- What the task requires
Take the material below and output exactly the run of lines from the one containing "Wickes Semi Frameless" down to the one containing "カナダ・ブリティッシュコロン", with both included.

** Extracted records follows **

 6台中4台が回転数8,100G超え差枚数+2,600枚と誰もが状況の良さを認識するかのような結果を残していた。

** End of Extracted records **
** Extracted records follows **

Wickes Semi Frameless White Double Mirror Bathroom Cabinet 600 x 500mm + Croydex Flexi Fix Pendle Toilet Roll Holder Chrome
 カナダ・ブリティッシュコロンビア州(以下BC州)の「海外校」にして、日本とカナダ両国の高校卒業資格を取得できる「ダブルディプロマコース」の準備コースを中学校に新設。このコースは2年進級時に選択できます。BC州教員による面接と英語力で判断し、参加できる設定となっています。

** End of Extracted records **

- Task answer
Wickes Semi Frameless White Double Mirror Bathroom Cabinet 600 x 500mm + Croydex Flexi Fix Pendle Toilet Roll Holder Chrome
 カナダ・ブリティッシュコロンビア州(以下BC州)の「海外校」にして、日本とカナダ両国の高校卒業資格を取得できる「ダブルディプロマコース」の準備コースを中学校に新設。このコースは2年進級時に選択できます。BC州教員による面接と英語力で判断し、参加できる設定となっています。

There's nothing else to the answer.